All of us are guilty at some point in time or the other, of embellishing some attribute about something we talk about. We like our choice to be the “winner”, whatever that means. This “crime” takes many forms.
What we see quite often is omission, either purposeful or inadvertant which paints a different picture than “reality” would indicate. We also see specious comparisons, and poor analytics to back up the conclusions. Bad measurement tools are also common. As are a complete lack of understanding of error and error analysis.

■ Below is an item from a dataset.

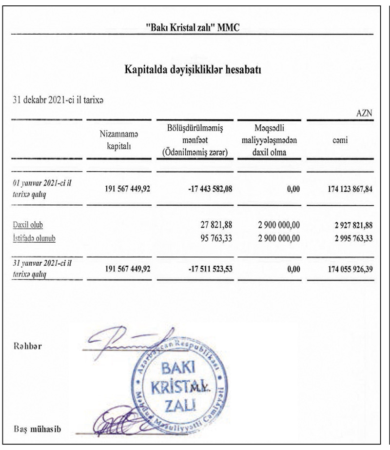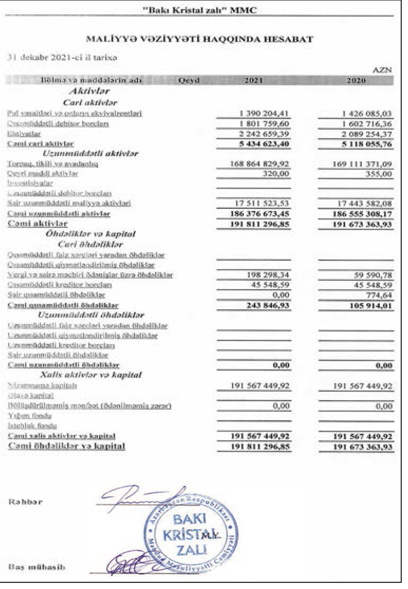 2021-ci ildə "Bakı Kristal Zalı"nın cəmi əməliyyat xərcləri 2 milyon 999 min manat təşkil edib. Ötən il şirkət 36 min 18 manat əməliyyat mənfəətindən 7 min 204 manat mənfəət vergisi də ödəyib.

How many benchmarketers have measured the run times of their codes more than once? How many have formed an average, computed a standard deviation (this assumes a Gaussian distribution of timing results around the average, which may not be a bad first order guess), and thus computed a real measurement error? And how many of these results which are happily reported as being significant are actually noise, or worse, how many of these data point differences are actually a case of points with overlapping error bars?
The art of benchmarketing is in part to prevent the scientific benchmarking of a system or code from being presented without the appropriate spin. Real measurement is a science, and it requires rigorous tools and analytics to be meaningful as a measurement. In order to measure, you have to have a measuring stick, your benchmark code, and something to measure. If you really want to see if your machine is fast, you check it against the other top of the line machines.

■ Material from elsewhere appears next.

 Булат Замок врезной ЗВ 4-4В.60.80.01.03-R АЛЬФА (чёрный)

If you want to paint a lobsided comparison, in order to bolster a weak argument, you select your fastest machine, and competitive machines from a generation or two back.
Funny thing about those lobsided comparisons … benchmarketeers can go to town with them. Doesn’t make them meaningful or useful.
Remember that if you see comparisons between the latest and greatest from company X, and something 2 or more generations back from company Y. If you get someone telling you that their (company X’s product) is much faster based upon something like the above, then someone is trying to blow air up your skirt, pants, or other layers of clothing.
This happened to us this past week. Looking over the results of some (barely meaningful) benchmarks in trade rags for some company’s new product, they were comparing to another competitors product from 2 generations ago.
Uh…. sure. Being 20% faster than a product from company Y which is 30% slower than the current generation of company Y’s product is nothing to be proud of. More like ashamed of.